Having retrieved the reference databases, return to your RStudio session to perform taxonomic assignment.

# Assign taxonomy to genus level
taxonomy.table <- assignTaxonomy(seqs=sequence.tab.nochimeras,
                       refFasta="GTDBr95-Genus.fna",
                       multithread=T)
# Assign species via exact matching
taxonomy.table <- addSpecies(taxtab=taxonomy.table, 
                             refFasta="GTDBr95-Species.fna", 
                             verbose=T)

# As row names in the resulting table are the sequences
# remove them before viewing.
taxa.print <- taxonomy.table
row.names(taxa.print) <- NULL
taxa.print <- as.data.frame(taxa.print)
View(taxa.print)

Alternatively, it is possible to assign taxonomy to the denoised amplicon sequences by using the NCBI nucleotide BLAST tool. This can be done by copying and pasting individual sequences into the online BLAST portal. Then selecting the highly-curated NCBI 16S rRNA database as a reference.

BLAST

Try running BLAST for the most and least abundant ASVs in your output fasta file.

Try running BLAST against the NCBI Nucleotide collection database, rather than the 16S rRNA database.

Note it’s also possible to install BLAST locally and run it from the commandline. However, if you do this for taxonomic assignment, be careful about the arguments you provide.

Conclusions

Biological judgement’s required when interpreting both OTU and denoised amplicon data. In this example, all three samples were generated from sequencing the same mock community that (when put together) contained 36 species and 24 genera.

A table of the taxa present in the sample is given below:


Actinomyces naeslundii MG-1	Akkermansia muciniphila	Bacteroides caccae
Bacteroides vulgatus	Bifidobacterium dentium	Bifidobacterium longum subsp. infantis
Corynebacterium accolens	Corynebacterium amycolatum	Corynebacterium matruchotti
Enterococcus faecalis	Escherichia coli	Eubacterium brachy
Faecalibacterium prausnitzii	Fusobacterium nucleatum subsp. nucleatum	Gardnerella vaginalis
Lactobacillus crispatus	Lactobacillus gasseri	Lactobacillus iners
Lactobacillus jensenii	Lautropia mirabilis	Moraxella catarrhalis
Porphyromonas gingivalis	Prevotella melaninogenica	Prevotella nigrescens
Prevotella oralis	Cutibacterium acnes	Rothia dentocariosa
Ruminococcus lactaris	Staphylococcus aureus subsp. aureus	Streptococcus agalactiae
Streptococcus mutans	Streptococcus pneumoniae	Streptococcus sanguinis
Tannerella forsythia	Treponema denticola	Veillonella parvula

A (non-exhaustive) list of points to consider:

How many ASVs were generated by Dada2? How does this compare to the number of unique taxa present in this mock community?

What impact does using a denoising approach like Dada2 have on sample richness estimations?

What proportion of ASVs could be identified to species level?

To what extent does taxonomic classification depend on a) the approach and b) the reference database used?
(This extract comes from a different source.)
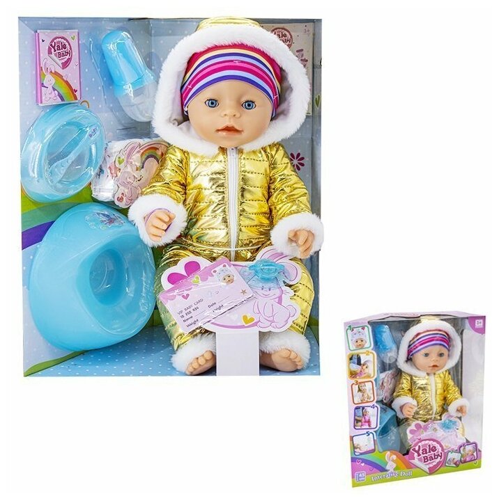 Игрушка Кукла Пупс Yale Baby с аксессуарами для девочки, рост куклы 40см, пьет и писает, YL1961K-J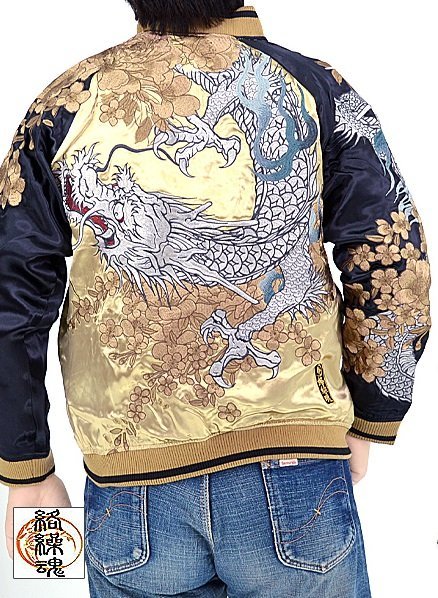 > 粋 画竜点睛リバーシブルスカジャン◆絡繰魂 B色 XLサイズ 234861 和柄 和風 刺繍 スーベニアジャケット 龍 からくり

(NB. you can rerun the above code using alternative reference database, which are available for use with Dada2 here.)

How many ASVs could be matched to each genus present in the mock community?

How do these approaches handle intragenomic 16S gene copy variation?

How does using ASVs compare to using OTUs for community-level microbiome analysis?